AD s'est pourvue en Cassation.
Sans se prononcer sur le fond, le Conseil d'État a fait droit au pourvoi de AD et a annulé l'arrêt du 17 octobre 2024 renvoyant l'affaire devant la cour.
Concernant la déductibilité de la TVA grevant les dépenses liées à une cession de titres par une société holding
La haute juridiction administrative énonce que lorsqu'une telle société se livre à une activité économique à raison de laquelle elle est assujettie à la TVA et envisage de céder tout ou partie des titres d'une participation qu'elle détient, elle est en droit de déduire la TVA ayant grevé les dépenses exposées en vue de préparer cette cession, sous réserve de produire des pièces justificatives. Ces dépenses sont réputées faire partie de ses frais généraux et se rattacher aux éléments constitutifs du prix des opérations relevant de son activité économique. Elle précise toutefois que cette déductibilité peut être remise en cause lorsque l'administration établit que l'opération a revêtu un caractère patrimonial, notamment si le produit de la cession a été distribué ou si les dépenses ont été incorporées dans le prix de cession des titres.
Régime applicable aux dépenses inhérentes à la transaction elle-même.
Le Conseil d'Etat rappelle que si la TVA grevant ces dépenses n'est en principe pas déductible dès lors qu'elles présentent un lien direct et immédiat avec l'opération de cession des titres, la société holding est néanmoins en droit de déduire cette taxe si elle établit que ces dépenses n'ont pas été incorporées dans le prix de cession et doivent être regardées comme faisant partie de ses frais généraux.
Or, au cas particulier le Conseil d'Etat constate que la CAA, en affirmant que la société n'avait d'activité économique qu'avec sa filiale 3W, a ignoré les contrats de prestations de services conclus avec les sociétés Ca et RS, qui figuraient pourtant au dossier.

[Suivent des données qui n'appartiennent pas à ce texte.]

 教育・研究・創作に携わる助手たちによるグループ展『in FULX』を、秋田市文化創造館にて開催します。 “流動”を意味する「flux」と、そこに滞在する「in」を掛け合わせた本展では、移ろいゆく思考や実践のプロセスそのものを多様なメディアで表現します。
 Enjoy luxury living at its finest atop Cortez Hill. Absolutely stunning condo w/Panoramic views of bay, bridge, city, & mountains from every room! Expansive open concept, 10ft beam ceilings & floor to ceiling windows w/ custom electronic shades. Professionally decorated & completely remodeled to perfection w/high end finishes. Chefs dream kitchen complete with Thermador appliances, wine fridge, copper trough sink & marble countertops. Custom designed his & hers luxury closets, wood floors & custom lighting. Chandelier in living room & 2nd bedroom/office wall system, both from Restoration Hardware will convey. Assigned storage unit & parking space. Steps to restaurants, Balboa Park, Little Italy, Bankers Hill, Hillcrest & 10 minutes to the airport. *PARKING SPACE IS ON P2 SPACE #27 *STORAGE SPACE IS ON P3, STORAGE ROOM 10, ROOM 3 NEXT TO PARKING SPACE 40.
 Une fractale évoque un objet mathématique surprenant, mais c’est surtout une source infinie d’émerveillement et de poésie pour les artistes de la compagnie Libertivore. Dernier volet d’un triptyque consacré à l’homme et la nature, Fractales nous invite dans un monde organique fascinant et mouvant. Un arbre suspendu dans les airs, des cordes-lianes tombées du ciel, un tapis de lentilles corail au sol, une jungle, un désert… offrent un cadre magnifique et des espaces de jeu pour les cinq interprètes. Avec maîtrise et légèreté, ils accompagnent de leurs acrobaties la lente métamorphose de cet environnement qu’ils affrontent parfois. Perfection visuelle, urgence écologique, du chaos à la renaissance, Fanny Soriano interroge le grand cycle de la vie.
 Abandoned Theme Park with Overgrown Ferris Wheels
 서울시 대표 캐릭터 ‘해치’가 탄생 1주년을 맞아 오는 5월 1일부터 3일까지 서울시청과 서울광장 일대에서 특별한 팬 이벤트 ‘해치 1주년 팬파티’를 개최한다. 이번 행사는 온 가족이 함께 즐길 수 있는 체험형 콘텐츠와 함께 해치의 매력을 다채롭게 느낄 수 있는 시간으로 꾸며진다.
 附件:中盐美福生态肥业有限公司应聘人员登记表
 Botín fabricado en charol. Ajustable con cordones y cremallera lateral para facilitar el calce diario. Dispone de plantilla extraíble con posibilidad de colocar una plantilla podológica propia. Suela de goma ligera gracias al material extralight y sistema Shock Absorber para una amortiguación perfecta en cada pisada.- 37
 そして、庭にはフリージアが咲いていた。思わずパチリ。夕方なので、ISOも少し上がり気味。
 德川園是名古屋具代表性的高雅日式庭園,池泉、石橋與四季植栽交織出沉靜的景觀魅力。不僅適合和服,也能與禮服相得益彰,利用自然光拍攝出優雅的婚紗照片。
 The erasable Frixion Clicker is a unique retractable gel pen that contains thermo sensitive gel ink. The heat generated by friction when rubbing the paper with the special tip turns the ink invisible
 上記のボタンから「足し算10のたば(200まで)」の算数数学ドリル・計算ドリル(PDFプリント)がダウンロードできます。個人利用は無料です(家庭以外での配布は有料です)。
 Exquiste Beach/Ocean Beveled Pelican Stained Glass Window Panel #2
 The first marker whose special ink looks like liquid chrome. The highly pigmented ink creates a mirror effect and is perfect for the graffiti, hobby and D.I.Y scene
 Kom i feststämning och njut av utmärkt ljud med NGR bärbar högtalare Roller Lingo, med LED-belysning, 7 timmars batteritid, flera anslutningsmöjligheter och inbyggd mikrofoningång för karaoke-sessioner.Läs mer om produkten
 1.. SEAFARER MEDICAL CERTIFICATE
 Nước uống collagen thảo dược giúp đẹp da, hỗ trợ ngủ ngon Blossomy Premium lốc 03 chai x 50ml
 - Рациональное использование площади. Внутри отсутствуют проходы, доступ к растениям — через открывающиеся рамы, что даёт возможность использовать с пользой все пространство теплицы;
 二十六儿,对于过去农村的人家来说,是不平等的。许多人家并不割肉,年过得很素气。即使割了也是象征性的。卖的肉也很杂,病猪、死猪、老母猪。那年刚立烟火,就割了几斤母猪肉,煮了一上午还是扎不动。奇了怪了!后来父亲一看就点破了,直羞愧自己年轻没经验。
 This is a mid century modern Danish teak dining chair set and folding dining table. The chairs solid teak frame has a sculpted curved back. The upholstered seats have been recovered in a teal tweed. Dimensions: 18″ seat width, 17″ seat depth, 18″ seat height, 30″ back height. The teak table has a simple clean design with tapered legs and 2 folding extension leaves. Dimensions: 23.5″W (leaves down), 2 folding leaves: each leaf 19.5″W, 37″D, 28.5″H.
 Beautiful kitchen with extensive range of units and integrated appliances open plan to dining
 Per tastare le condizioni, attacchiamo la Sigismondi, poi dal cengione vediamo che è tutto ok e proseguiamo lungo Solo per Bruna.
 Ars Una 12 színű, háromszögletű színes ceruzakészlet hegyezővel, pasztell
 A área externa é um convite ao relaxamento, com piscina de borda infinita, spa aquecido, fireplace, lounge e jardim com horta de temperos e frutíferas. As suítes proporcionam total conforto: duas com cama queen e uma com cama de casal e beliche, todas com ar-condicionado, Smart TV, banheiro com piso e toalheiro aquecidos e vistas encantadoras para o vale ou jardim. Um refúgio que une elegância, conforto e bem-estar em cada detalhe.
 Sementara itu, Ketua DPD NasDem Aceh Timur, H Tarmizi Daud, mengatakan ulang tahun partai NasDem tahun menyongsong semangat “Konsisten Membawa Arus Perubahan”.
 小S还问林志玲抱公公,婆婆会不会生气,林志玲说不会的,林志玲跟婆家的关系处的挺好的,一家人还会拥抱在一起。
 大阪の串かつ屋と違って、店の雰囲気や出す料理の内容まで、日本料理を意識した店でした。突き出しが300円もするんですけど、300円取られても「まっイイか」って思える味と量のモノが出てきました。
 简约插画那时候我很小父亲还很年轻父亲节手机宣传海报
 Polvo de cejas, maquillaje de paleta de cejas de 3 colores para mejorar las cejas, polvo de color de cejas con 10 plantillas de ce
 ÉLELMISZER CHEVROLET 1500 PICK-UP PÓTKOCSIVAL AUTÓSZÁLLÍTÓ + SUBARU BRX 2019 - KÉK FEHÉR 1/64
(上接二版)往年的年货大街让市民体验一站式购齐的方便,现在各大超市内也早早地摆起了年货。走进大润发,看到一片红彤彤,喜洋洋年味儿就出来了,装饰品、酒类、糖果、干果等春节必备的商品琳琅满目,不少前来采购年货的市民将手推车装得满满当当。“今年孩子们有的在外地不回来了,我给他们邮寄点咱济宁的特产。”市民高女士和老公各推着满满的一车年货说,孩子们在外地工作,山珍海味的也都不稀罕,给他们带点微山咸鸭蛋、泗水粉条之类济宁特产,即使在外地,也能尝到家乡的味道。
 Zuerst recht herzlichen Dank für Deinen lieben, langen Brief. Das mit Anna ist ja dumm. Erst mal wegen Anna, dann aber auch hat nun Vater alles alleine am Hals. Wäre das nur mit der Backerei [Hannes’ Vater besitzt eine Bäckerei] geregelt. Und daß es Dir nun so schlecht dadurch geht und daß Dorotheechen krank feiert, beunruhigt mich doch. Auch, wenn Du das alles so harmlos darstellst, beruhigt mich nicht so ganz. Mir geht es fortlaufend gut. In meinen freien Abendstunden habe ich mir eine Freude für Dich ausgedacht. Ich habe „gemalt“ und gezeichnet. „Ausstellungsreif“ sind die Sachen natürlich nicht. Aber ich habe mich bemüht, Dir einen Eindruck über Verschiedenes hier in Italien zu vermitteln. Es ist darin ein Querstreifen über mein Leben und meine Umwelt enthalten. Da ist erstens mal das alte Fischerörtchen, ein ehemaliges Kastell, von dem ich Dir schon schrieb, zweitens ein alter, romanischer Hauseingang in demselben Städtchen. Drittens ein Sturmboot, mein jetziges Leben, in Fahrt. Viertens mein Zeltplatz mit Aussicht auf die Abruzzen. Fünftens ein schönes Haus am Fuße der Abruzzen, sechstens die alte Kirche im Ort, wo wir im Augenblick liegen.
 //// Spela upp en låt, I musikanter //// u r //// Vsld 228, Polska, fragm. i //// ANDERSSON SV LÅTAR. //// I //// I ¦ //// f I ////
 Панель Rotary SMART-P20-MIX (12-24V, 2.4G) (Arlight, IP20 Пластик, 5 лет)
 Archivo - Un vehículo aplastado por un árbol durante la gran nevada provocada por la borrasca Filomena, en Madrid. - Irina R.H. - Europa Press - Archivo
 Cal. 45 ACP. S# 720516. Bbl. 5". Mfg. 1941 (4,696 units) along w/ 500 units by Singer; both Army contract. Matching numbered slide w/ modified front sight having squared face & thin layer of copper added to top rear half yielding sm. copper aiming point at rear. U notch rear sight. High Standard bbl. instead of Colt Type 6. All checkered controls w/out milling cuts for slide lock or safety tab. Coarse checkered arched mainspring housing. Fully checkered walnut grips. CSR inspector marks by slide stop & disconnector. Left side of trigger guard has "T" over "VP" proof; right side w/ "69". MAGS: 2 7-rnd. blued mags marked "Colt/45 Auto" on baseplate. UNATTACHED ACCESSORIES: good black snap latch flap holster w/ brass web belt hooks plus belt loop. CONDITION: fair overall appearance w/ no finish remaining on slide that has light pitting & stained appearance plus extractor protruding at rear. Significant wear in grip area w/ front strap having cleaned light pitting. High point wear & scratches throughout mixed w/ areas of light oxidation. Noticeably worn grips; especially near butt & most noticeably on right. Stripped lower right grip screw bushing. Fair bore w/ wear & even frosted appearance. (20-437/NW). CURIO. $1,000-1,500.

Ce faisant, elle a "dénaturé les pièces du dossier qui lui était soumis".
4. Il ressort des pièces du dossier soumis aux juges du fond que la société Albatros Développement détenait des participations dans les sociétés Cabamix et Roadway Solutions auxquelles elle fournissait des prestations de services en vertu de contrats conclus les 1er octobre 2013 et 3 janvier 2018. Dès lors, en estimant que la société Albatros Développement n'exerçait aucune autre activité économique que celle consistant à offrir des prestations de service à la société 3Wayste et en jugeant, pour ce motif, que la taxe sur la valeur ajoutée ayant grevé les sommes versées à la société JM Industrie en rémunération de ses prestations de négociation de la cession des titres de la société 3Wayste ne présentaient pas un caractère déductible, la cour a dénaturé les pièces du dossier qui lui était soumis. Par suite, et sans qu'il soit besoin de se prononcer sur les autres moyens de son pourvoi, la société Albatros Développement est fondée à demander l'annulation de l'arrêt qu'elle attaque.
Pour le juge administratif, cette dénaturation est constitutive d'une erreur de droit justifiant la cassation de l'arrêt.